Politologueadores
Desde que abrimos los ojos y encendemos la radio, la televisión o las pantallas de computadoras o celulares, tenemos un menú muy restringido y uniforme de visiones. La información noticiosa profesional y seria ha prácticamente desaparecido, y el campo ha sido ocupado por las peroratas de “figuras de los medios”, que deshonran a los periodistas al hacerse pasar por ellos, y “talentos” que representan el bipartidismo de siempre con lazos activos con las esferas tradicionales de poder político y económico. A estos se les unen los agentes de un nuevo oficio, los hombres (casi todos) y mujeres que “politologuean” ensartando arengas y preguntas de sainete a sus invitados políticos y empresariales pretendiendo hablar en nombre del pueblo. Es importante señalar, pues forman multitud los engañados, que muchos de los invitados pagan directa o indirectamente por el tiempo en el aire.

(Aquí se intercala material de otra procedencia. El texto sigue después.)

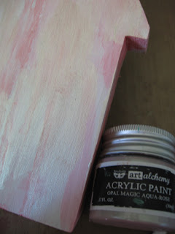 I dried the spray with my heat tool and then it was time to apply my first colour of paint, Art Alchemy Opal Magic Aqua-Rose. I applied a light coating in random spots all over the house, mixing it in with the darker pink of the bloom spray.

La tónica de los que “politologuean” ha invadido la mayoría de la oferta mediática y, en mayor o menor medida, desde el locutor de noticias hasta los abogados, profesores y reporteros que participan de las muchas horas de programación diaria, comparten esta práctica. Todo o casi todo se ha convertido en un espectáculo, pero también en un negocio, y se concibe como un entretenimiento y, simultáneamente, como publicidad.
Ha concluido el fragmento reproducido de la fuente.